According to Romney, all we need to fix education is to have more charters and get rid of teachers unions.
It's become a tradition for the First Lady to become an advocate for an issue most Americans can get behind. With her "Let’s Move!" childhood obesity campaign, First Lady Michelle Obama's brought some fun to healthy eating healthy and getting fit—she got Beyoncé on board and Mrs. O actually did the Dougie with middle schoolers in Washington D.C. last spring. Well, it turns out that if she becomes First Lady, Ann Romney wants to be involved with schools and kids, too. In a Q&A with Good Housekeeping, Romney revealed that she intends to focus on education and at-risk kids if her husband wins the Presidency.
Romney told the magazine that she's "seen what happens to people's lives if they don't get a proper education." Romney's solutions, however, seemed to have missed the memo on focusing on a non-controversial, unifying solution. Instead of focusing on, for example, promoting reading in schools like Laura Bush—no matter how you felt about President George W. Bush, no one could argue that kids shouldn't read more—according to Romney, we just need to get rid of teachers unions and have more charter schools.
"The charter schools have provided the answers," says Romney. Never mind that Stanford's CREDO study backs up the common-sense viewpoint that not all charters are hubs of excellence. Romney's beliefs about who's to blame for the challenges in our education system are what's most polarizing, however. "The teachers' unions are preventing those things from happening, from bringing real change to our educational system. We need to throw out the system," she says.
Someone please tell Ann Romney that not all teachers in America are unionized and in fact, states where teachers unions are illegal have some of the lowest student achievement results in the nation. Meanwhile, Massachusetts, where her husband was governor, has one of the strongest teachers unions in the nation and has the top performing education system in the country. That means getting rid of teachers unions probably isn't the key lever in reforming schools.
And what does Romney mean by "throw out the system" anyway? Sure, we have plenty that needs fixing, but there are incredible, teacher-led innovation initiatives happening in our schools. Knowing the folks Mitt Romney surrounds himself with, it's safe to guess that Mrs. Romney's not talking about throwing out the system in favor of a highly personalized, creativity-infused learning experience advocated by education innovators like Sir Ken Robinson.
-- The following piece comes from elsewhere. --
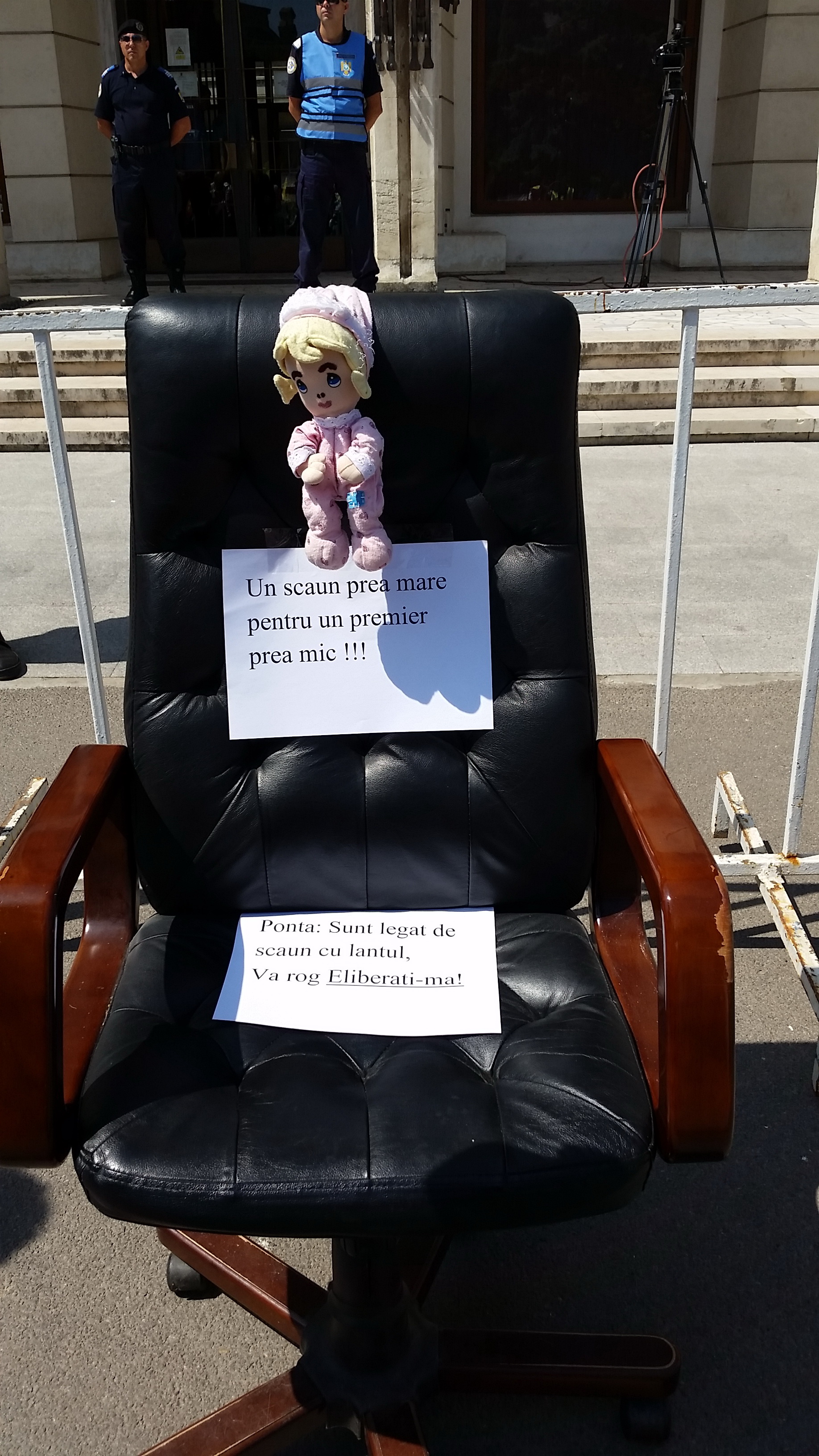 În aceste momente, în faţa Prefecturii Constanţa se desfăşoară un protest organizat de liberali. Aproximativ 300 de persoane s-au adunat în faţa instituţiei prefectului şi rândurile se îngroaşă constant. Protestatarii au adus cu ei, în mod simbolic, un scaun pe care este agăţată o păpuşă şi sunt puse două afişe pe care scrie: “Un scaun prea mare pentru un premier prea mic!!!”, “Ponta: Sunt legat de scaun cu lanţul, vă rog eliberaţi-mă!”De asemenea, oamenii mai au un banner pe care scrie “Nu vreau să fiu reprezentat de un premier penal”, “Ponta nu uita a venit şi vremea ta”. Ei aveau cartoane pe care scria “Victoraş esti un laş!”, “Facem dreptate din străinătate”, “Plagiator, ţi-e frică de popor!”, “Votul l-ai blocat, noi te-am amendat!”.

Perhaps she plans to champion privatizing our public school system—or is this a nod toward the Republican party's fascination with getting rid of the Department of Education?
While Romney didn't get into specifics with Good Housekeeping, if she becomes First Lady we'll soon find out what she means since focusing on education and "working with at-risk youth and recognizing that every child is a child of God" will be her focus. After all, says Romney, "some of those children are being left behind, and that is a heartbreak and a huge, huge loss to this country."